#### [The data]
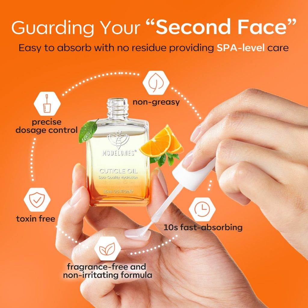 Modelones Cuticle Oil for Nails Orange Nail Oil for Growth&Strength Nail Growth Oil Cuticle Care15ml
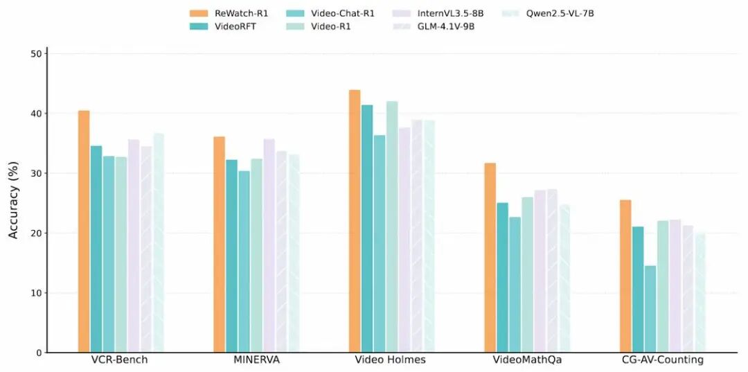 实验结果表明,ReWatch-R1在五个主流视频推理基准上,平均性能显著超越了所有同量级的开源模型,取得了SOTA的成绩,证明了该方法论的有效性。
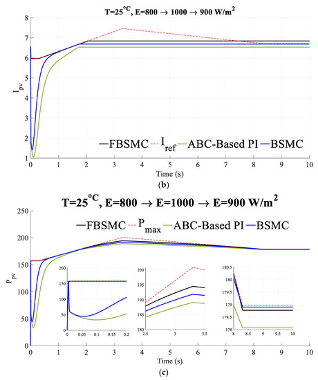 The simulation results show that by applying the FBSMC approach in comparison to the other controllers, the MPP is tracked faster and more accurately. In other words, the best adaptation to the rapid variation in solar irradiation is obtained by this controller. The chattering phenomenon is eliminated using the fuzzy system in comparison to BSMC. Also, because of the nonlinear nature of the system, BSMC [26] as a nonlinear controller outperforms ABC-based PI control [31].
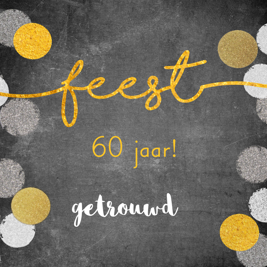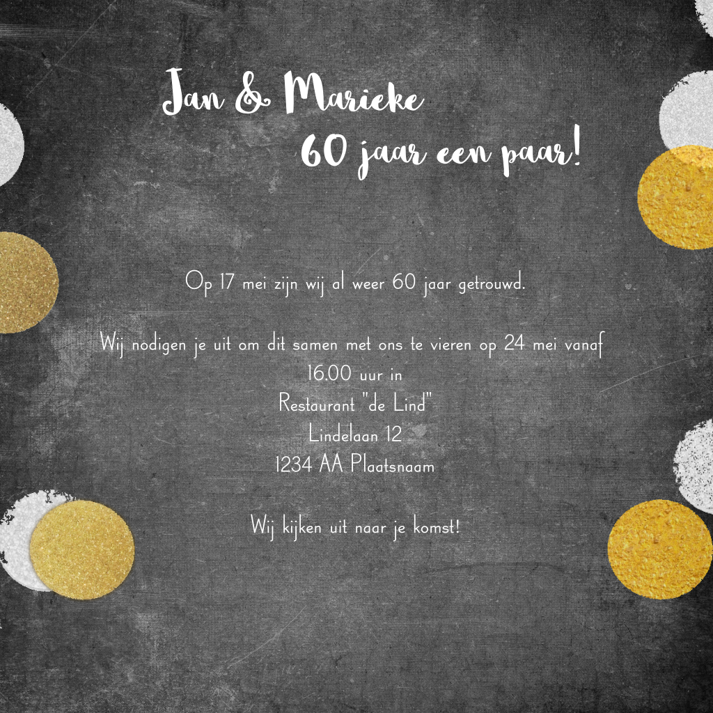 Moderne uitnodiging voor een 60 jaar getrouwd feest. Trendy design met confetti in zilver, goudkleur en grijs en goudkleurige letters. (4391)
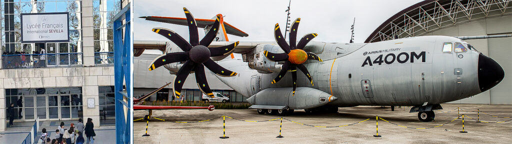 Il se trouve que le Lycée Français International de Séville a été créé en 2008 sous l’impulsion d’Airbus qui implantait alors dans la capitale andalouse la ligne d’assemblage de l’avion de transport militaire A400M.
* * *
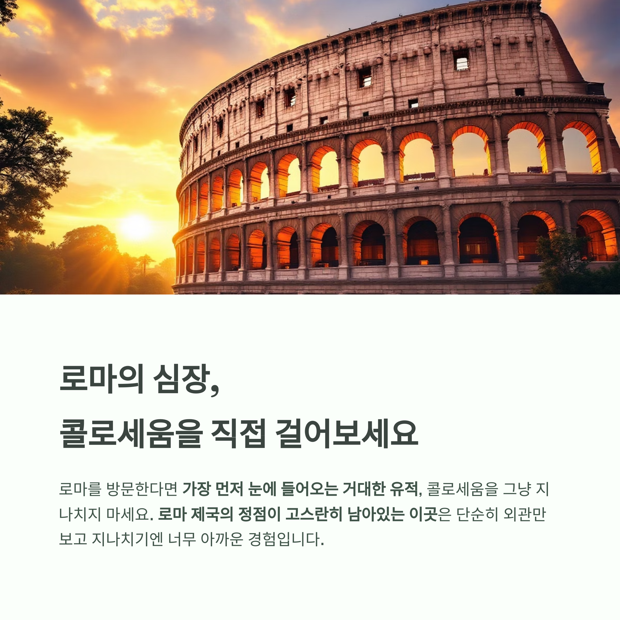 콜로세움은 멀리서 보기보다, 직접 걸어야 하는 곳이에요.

#### [What you are asked to do]
Output only the stretch above from the line with "Moderne uitnodiging voor" through the line with "Il se trouve", reproduced exactly. Exclude pictures.

#### [Answer box]
 Moderne uitnodiging voor een 60 jaar getrouwd feest. Trendy design met confetti in zilver, goudkleur en grijs en goudkleurige letters. (4391)
 Il se trouve que le Lycée Français International de Séville a été créé en 2008 sous l’impulsion d’Airbus qui implantait alors dans la capitale andalouse la ligne d’assemblage de l’avion de transport militaire A400M.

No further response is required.